Segment Open

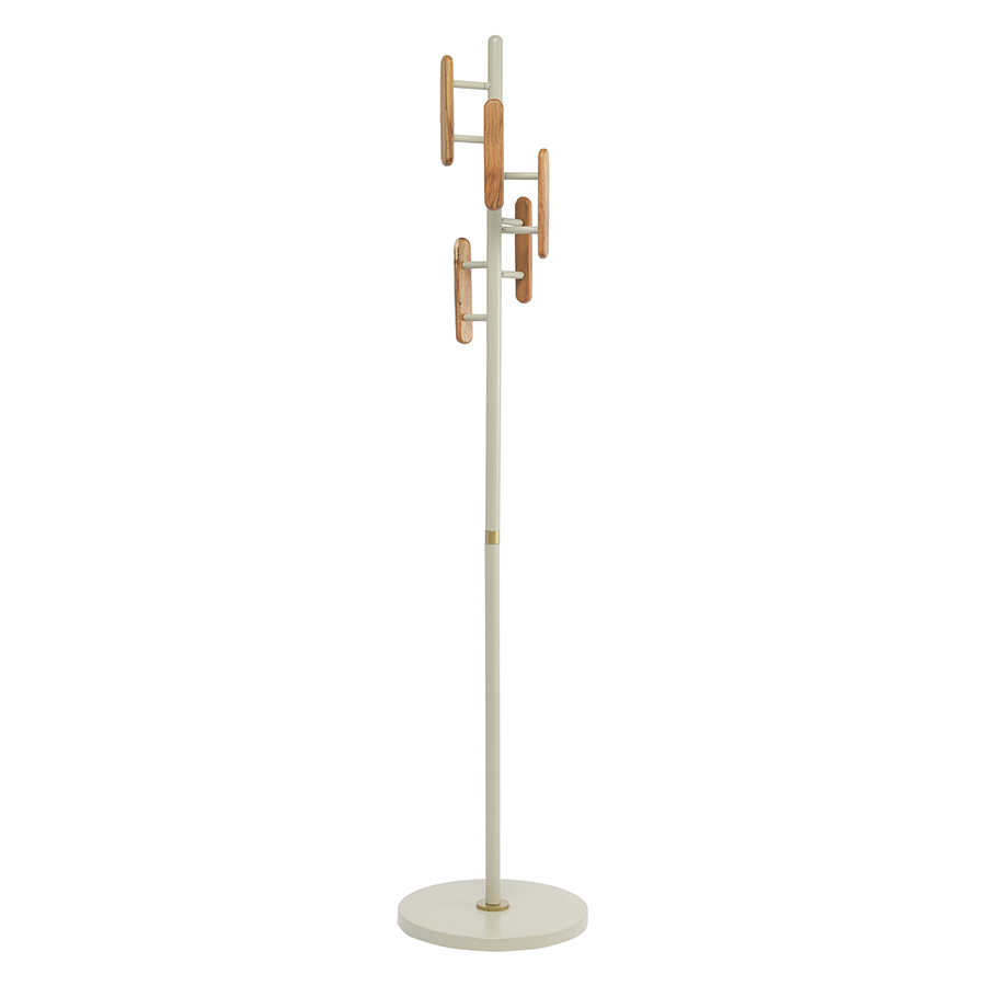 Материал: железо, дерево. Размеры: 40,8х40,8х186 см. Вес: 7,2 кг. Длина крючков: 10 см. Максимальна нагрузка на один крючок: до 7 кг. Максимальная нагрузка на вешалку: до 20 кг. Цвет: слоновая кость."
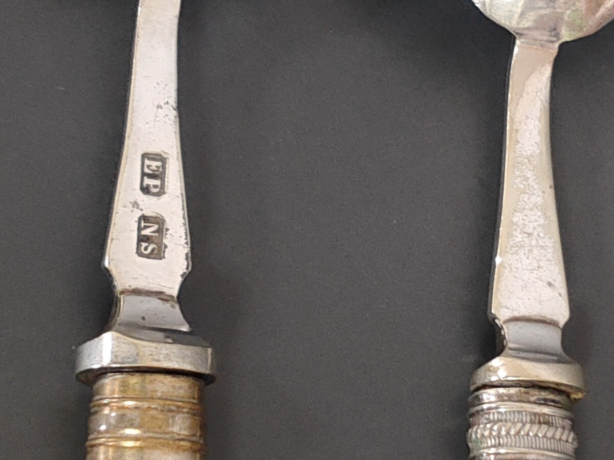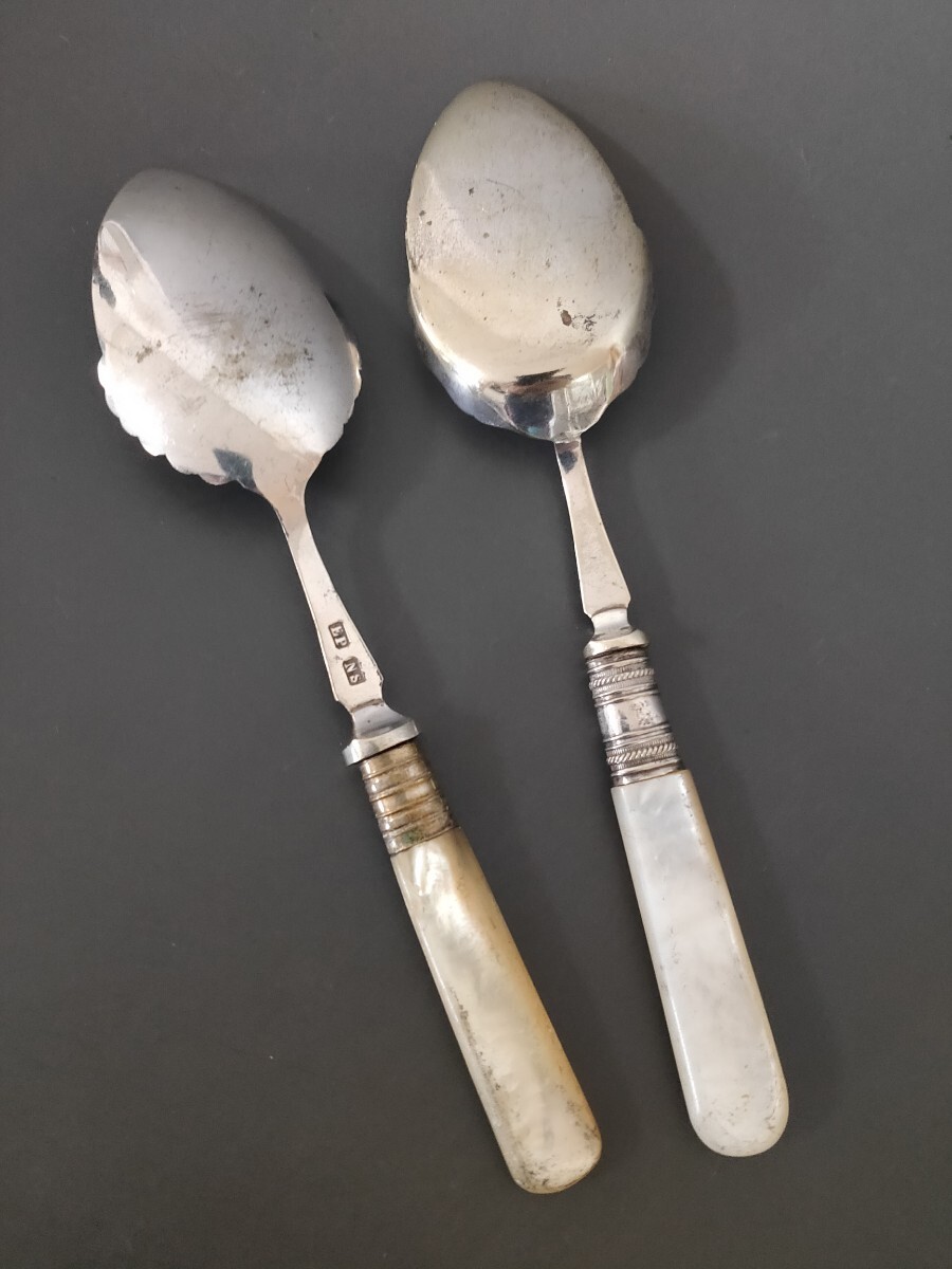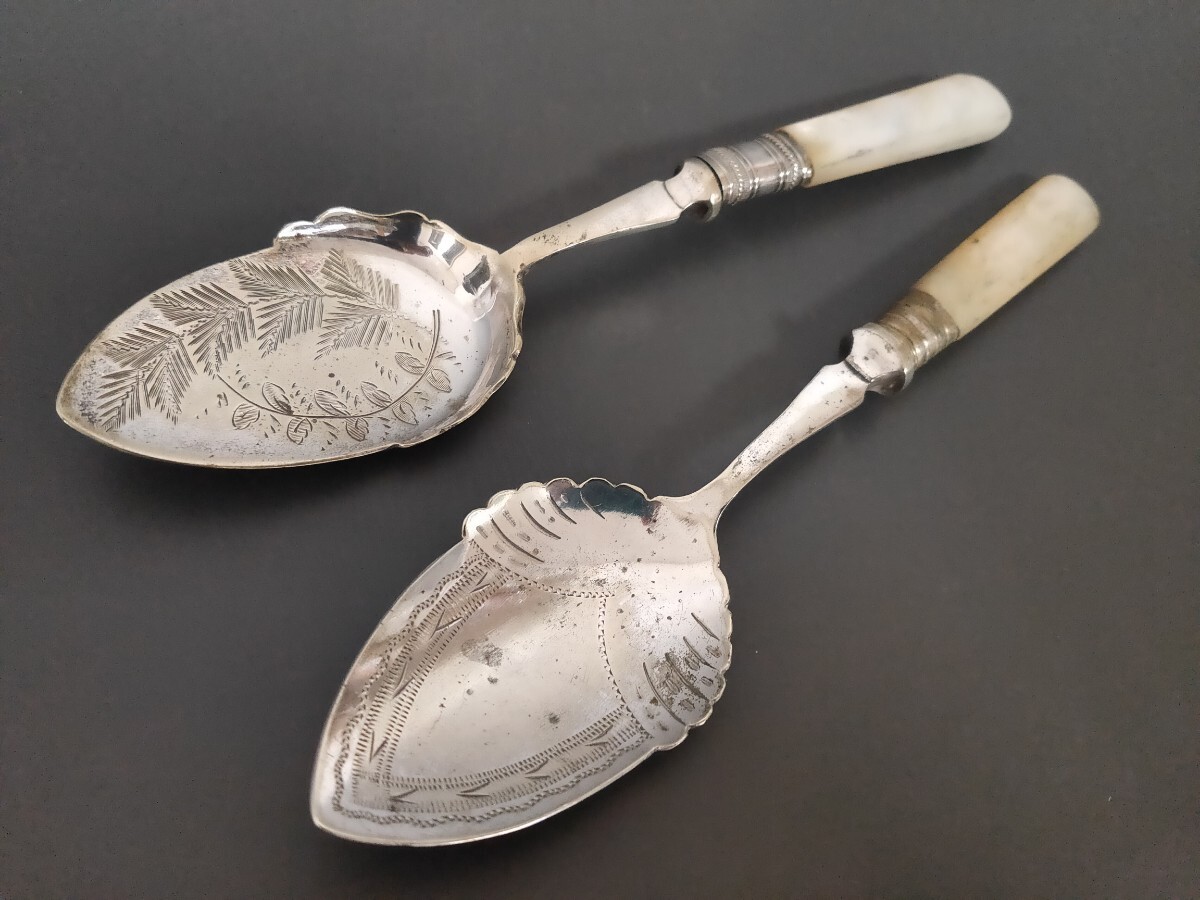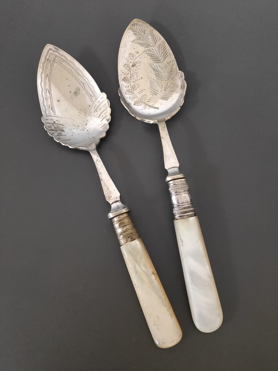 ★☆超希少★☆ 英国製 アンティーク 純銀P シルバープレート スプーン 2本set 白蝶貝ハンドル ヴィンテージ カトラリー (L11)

Segment Closed
Segment Open

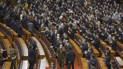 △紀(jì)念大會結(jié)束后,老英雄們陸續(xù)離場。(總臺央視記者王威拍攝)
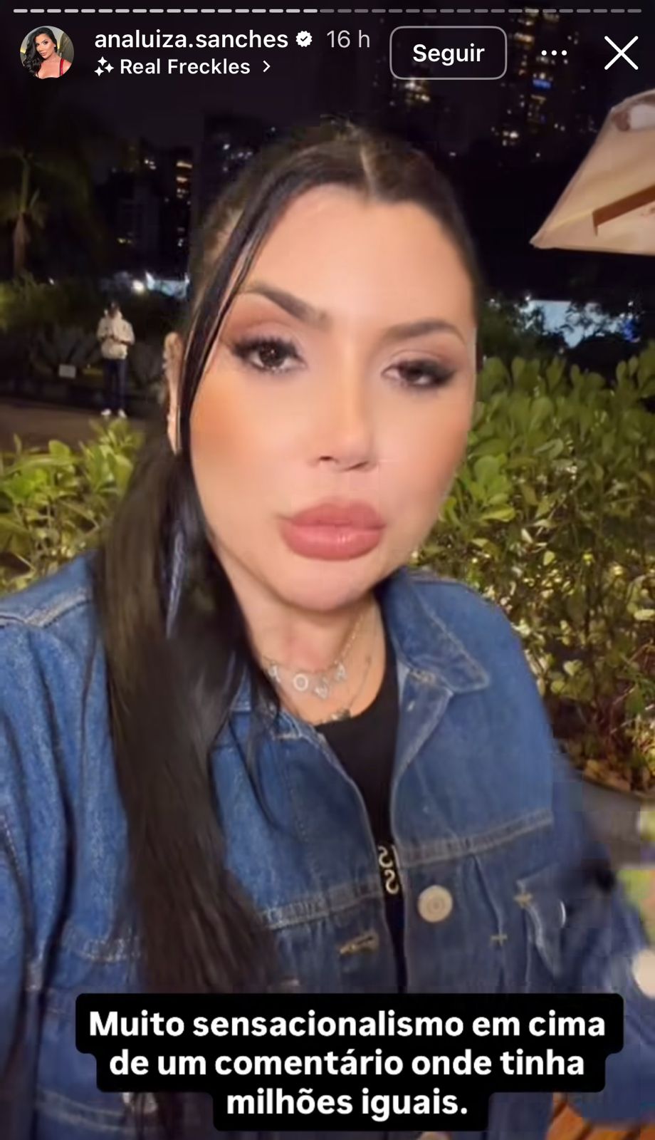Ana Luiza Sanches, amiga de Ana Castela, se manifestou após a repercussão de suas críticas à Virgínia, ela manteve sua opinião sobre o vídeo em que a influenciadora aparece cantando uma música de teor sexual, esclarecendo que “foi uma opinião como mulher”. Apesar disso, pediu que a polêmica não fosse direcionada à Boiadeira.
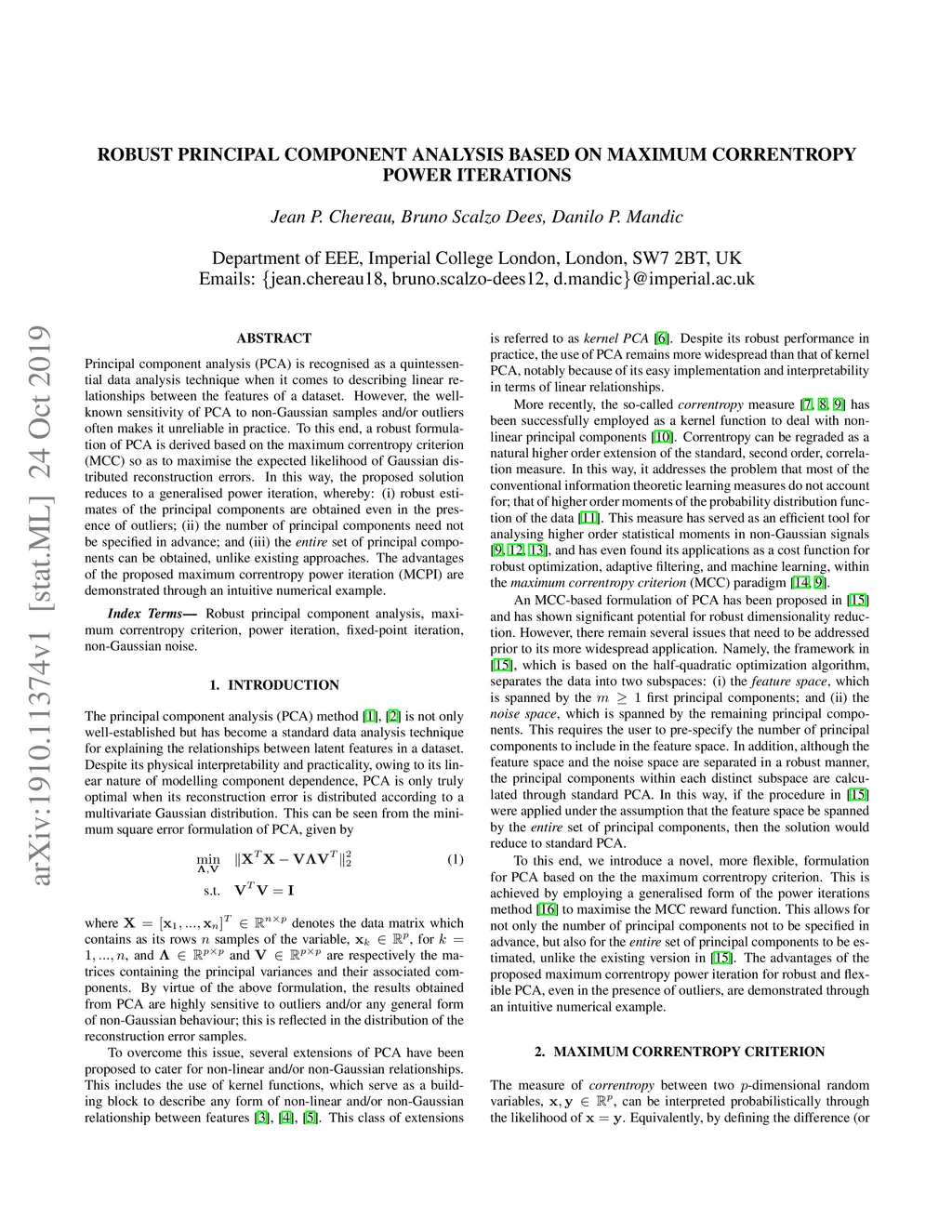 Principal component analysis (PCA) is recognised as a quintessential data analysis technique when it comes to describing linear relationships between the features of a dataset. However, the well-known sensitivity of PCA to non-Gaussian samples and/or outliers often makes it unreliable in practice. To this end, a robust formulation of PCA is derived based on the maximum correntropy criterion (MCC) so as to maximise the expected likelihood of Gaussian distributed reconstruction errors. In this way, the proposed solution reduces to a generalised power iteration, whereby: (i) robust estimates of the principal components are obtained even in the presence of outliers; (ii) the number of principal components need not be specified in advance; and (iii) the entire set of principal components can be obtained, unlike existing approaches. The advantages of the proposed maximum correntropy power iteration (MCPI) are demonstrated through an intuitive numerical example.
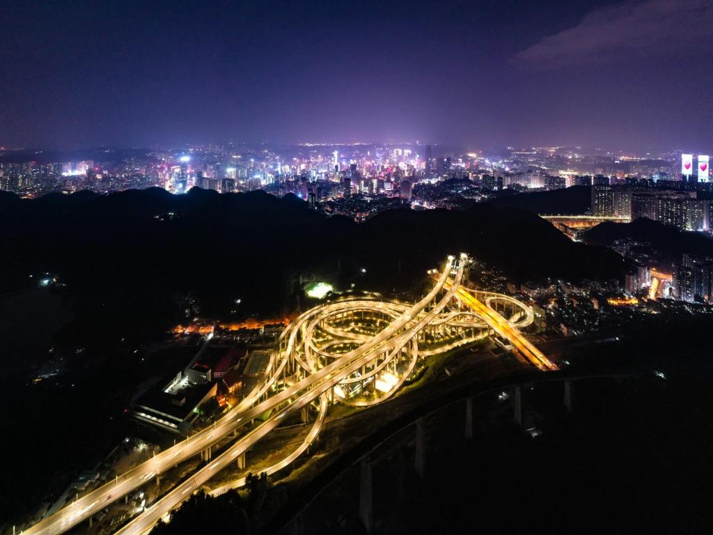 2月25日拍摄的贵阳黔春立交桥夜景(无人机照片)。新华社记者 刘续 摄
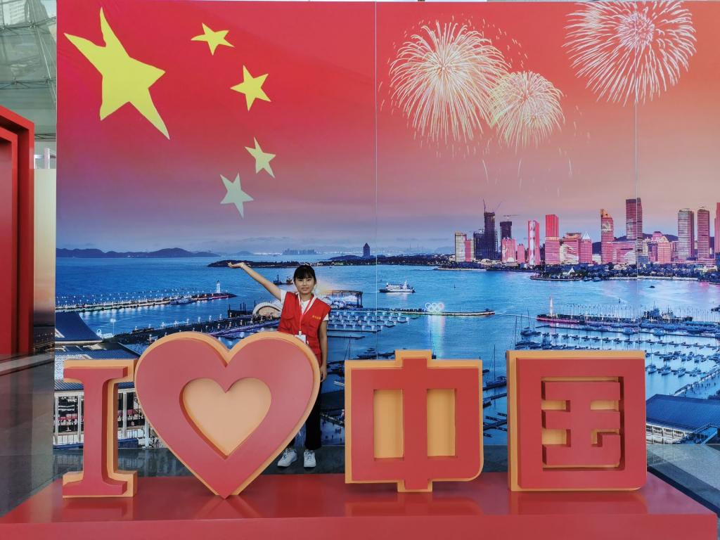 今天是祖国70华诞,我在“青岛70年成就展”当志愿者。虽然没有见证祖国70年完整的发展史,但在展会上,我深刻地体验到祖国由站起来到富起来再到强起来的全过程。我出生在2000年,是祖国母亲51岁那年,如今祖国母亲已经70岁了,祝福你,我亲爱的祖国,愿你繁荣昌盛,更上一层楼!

Segment Closed

- Activity -
Extract the part of the records that opens with the line containing "Материал: железо, дерево." and closes with the line containing "ヴィンテージ カトラリー (L11)". Take only those lines, exactly, and no pictures.

- Exercise answer -
 Материал: железо, дерево. Размеры: 40,8х40,8х186 см. Вес: 7,2 кг. Длина крючков: 10 см. Максимальна нагрузка на один крючок: до 7 кг. Максимальная нагрузка на вешалку: до 20 кг. Цвет: слоновая кость."
 ★☆超希少★☆ 英国製 アンティーク 純銀P シルバープレート スプーン 2本set 白蝶貝ハンドル ヴィンテージ カトラリー (L11)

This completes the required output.